» WHAT NEEDS TO BE DONE: Using the records below, transcribe exactly only the lines from the one with "Paso 1: En la" through the end, both included, and drop every picture.

EXERCISE INPUT START

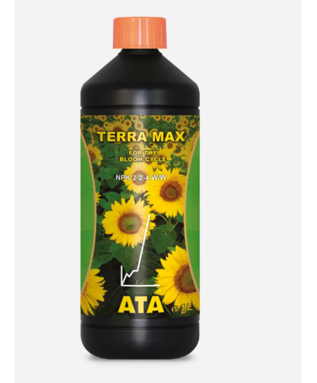 ATA Terra Max es una solución nutritiva básica universal para plantas que se utiliza durante el ciclo de floración y está desarrollada específicamente para el cultivo en tierra. Debido a que este sustrato es naturalmente rico en calcio y otros nutrientes, ATA Terra Max tiene un contenido bajo en calcio y los valores de NPK se han mantenido relativamente bajos para evitar la sobrefertilización.
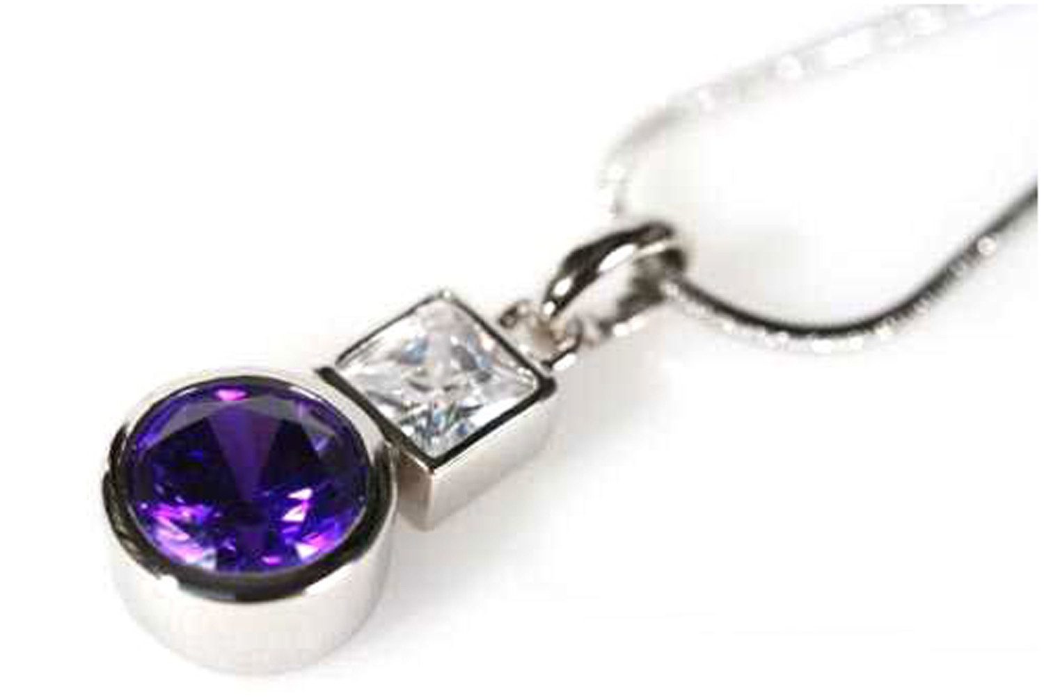 Длина: ca. 42 cm + 5 cm Regulationskettchen; Anhängerlänge: 30 mm; Zirkon: Durchmesser 10 mm, Carre: ca. 6 x 6 mm; Steinfarbe: ruby oder amethyst und crystal; Metall: Silber platiert + Rhodium.
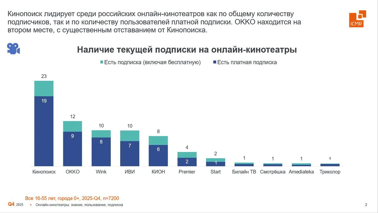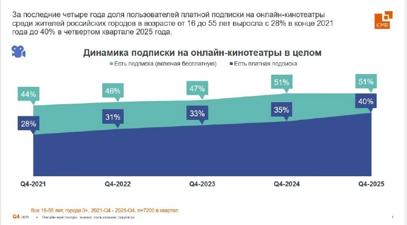 Исследовательская компания ICMR (ГФК-Русь) провела опрос среди жителей городов России — согласно его результатам, в четвертом квартале 2025 года 51% опрошенных пользовались подпиской на онлайн-кинотеатры, а 40% за нее платили.
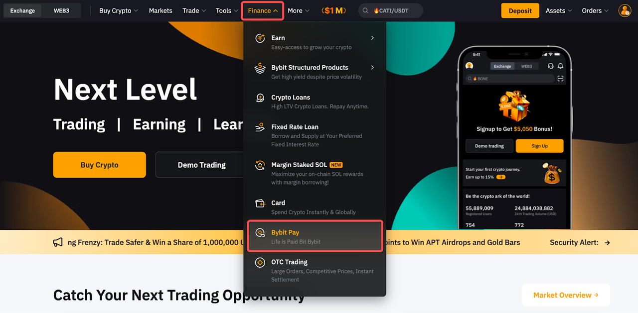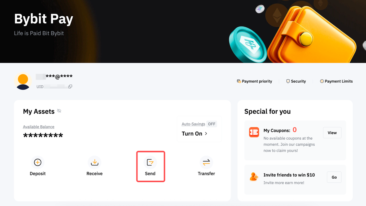 Paso 1: En la página de inicio de Bybit, haz clic en Finanzas → Bybit Pay en la barra de navegación para acceder a la página Bybit Pay. A continuación, haz clic en el botón Enviar.
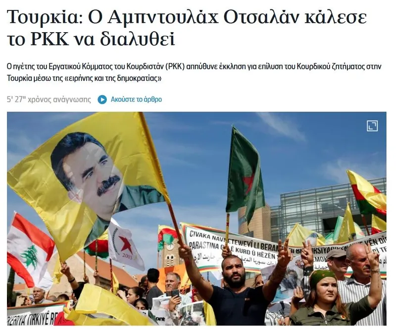 Yunan Kathimerini Öcalan'ın çağrısının ardından AK Parti Genel Başkan Yardımcısı Efkan Ala'nın PKK'nın silah bırakıp kendini feshetmesi halinde Türkiye'nin "zincirinin kırılacağına" yönelik sözlerine vurgu yaptı.

EXERCISE INPUT END

» RESPONSE:
 Paso 1: En la página de inicio de Bybit, haz clic en Finanzas → Bybit Pay en la barra de navegación para acceder a la página Bybit Pay. A continuación, haz clic en el botón Enviar.
 Yunan Kathimerini Öcalan'ın çağrısının ardından AK Parti Genel Başkan Yardımcısı Efkan Ala'nın PKK'nın silah bırakıp kendini feshetmesi halinde Türkiye'nin "zincirinin kırılacağına" yönelik sözlerine vurgu yaptı.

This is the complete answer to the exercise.